What is being asked: From the entries that follow, gather each line holding the word "make".
——————
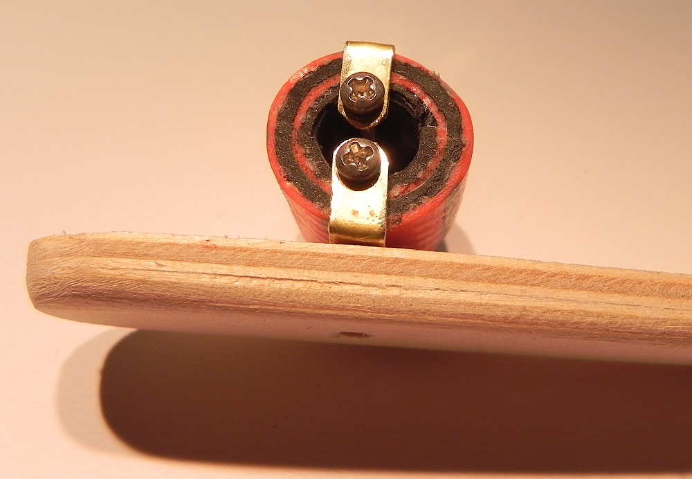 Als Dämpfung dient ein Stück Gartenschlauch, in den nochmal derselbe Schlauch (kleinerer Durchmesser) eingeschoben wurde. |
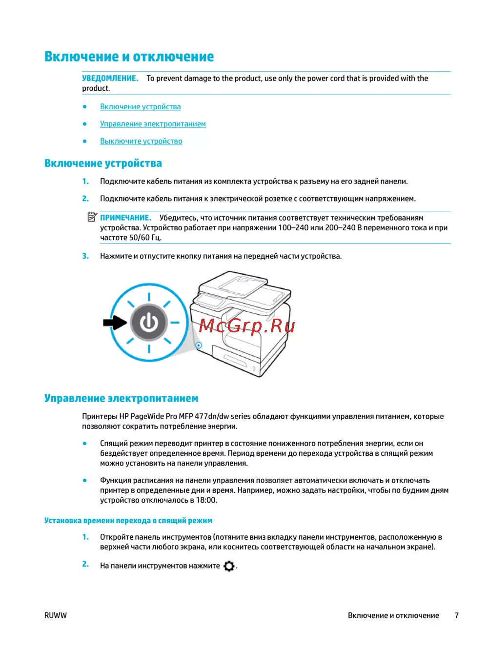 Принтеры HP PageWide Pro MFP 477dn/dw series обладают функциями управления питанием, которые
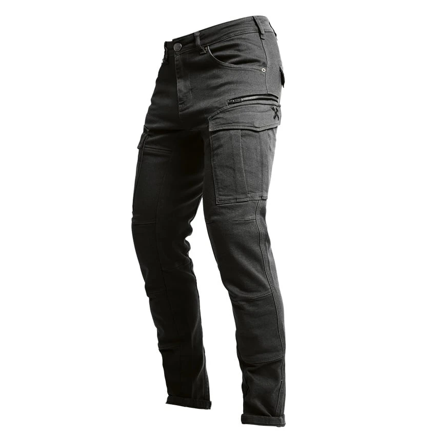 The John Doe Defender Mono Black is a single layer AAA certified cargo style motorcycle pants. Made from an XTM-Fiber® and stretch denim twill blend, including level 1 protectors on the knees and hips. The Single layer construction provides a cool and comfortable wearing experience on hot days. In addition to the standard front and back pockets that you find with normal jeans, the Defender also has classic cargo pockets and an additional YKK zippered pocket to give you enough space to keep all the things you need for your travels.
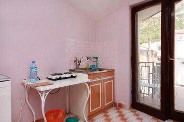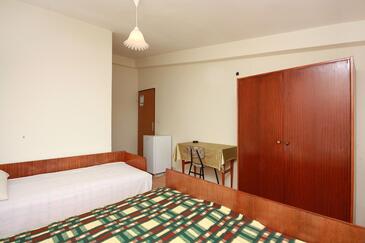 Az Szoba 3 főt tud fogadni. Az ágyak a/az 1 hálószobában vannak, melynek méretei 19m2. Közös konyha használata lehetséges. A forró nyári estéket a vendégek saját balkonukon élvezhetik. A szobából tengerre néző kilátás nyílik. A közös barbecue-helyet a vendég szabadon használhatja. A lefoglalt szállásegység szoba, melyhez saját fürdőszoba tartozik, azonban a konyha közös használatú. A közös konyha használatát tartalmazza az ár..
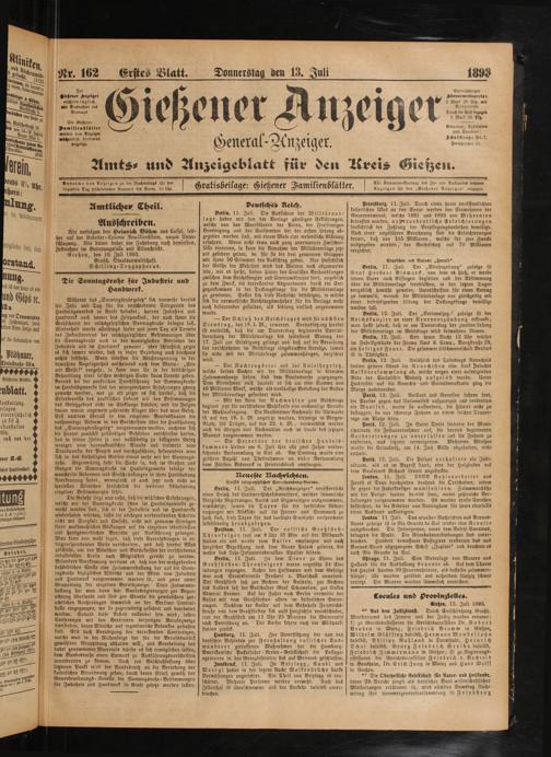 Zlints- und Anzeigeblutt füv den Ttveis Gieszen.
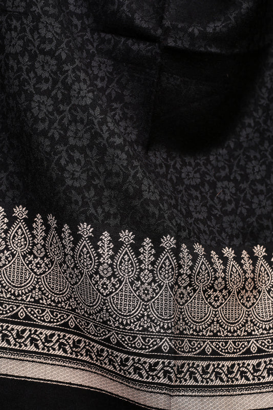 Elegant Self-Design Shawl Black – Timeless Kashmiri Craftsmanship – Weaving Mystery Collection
——————
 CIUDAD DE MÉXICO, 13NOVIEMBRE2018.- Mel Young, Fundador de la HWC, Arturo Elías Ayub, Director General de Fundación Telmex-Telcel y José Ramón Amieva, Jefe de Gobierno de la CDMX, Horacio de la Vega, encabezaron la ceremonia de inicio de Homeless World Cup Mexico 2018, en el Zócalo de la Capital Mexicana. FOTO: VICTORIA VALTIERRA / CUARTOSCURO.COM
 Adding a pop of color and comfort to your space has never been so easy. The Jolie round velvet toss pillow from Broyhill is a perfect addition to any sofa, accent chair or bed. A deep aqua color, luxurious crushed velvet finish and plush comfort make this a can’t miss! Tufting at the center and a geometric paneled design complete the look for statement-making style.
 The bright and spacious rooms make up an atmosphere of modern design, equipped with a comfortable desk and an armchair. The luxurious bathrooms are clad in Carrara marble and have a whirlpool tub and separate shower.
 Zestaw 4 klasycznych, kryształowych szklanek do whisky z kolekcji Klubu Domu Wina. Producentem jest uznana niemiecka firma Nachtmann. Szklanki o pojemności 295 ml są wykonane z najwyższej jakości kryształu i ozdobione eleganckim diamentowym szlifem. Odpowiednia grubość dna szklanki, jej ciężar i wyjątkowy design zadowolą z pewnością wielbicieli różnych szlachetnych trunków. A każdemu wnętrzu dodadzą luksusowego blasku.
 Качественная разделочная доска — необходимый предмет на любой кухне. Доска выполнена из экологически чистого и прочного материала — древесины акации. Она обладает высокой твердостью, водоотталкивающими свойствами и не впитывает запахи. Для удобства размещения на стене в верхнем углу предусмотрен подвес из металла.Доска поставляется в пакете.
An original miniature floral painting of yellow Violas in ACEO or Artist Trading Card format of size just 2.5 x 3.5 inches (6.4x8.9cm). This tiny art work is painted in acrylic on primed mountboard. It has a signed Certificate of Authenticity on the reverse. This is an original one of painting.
——————
Solution to the exercise:
 Adding a pop of color and comfort to your space has never been so easy. The Jolie round velvet toss pillow from Broyhill is a perfect addition to any sofa, accent chair or bed. A deep aqua color, luxurious crushed velvet finish and plush comfort make this a can’t miss! Tufting at the center and a geometric paneled design complete the look for statement-making style.
 The bright and spacious rooms make up an atmosphere of modern design, equipped with a comfortable desk and an armchair. The luxurious bathrooms are clad in Carrara marble and have a whirlpool tub and separate shower.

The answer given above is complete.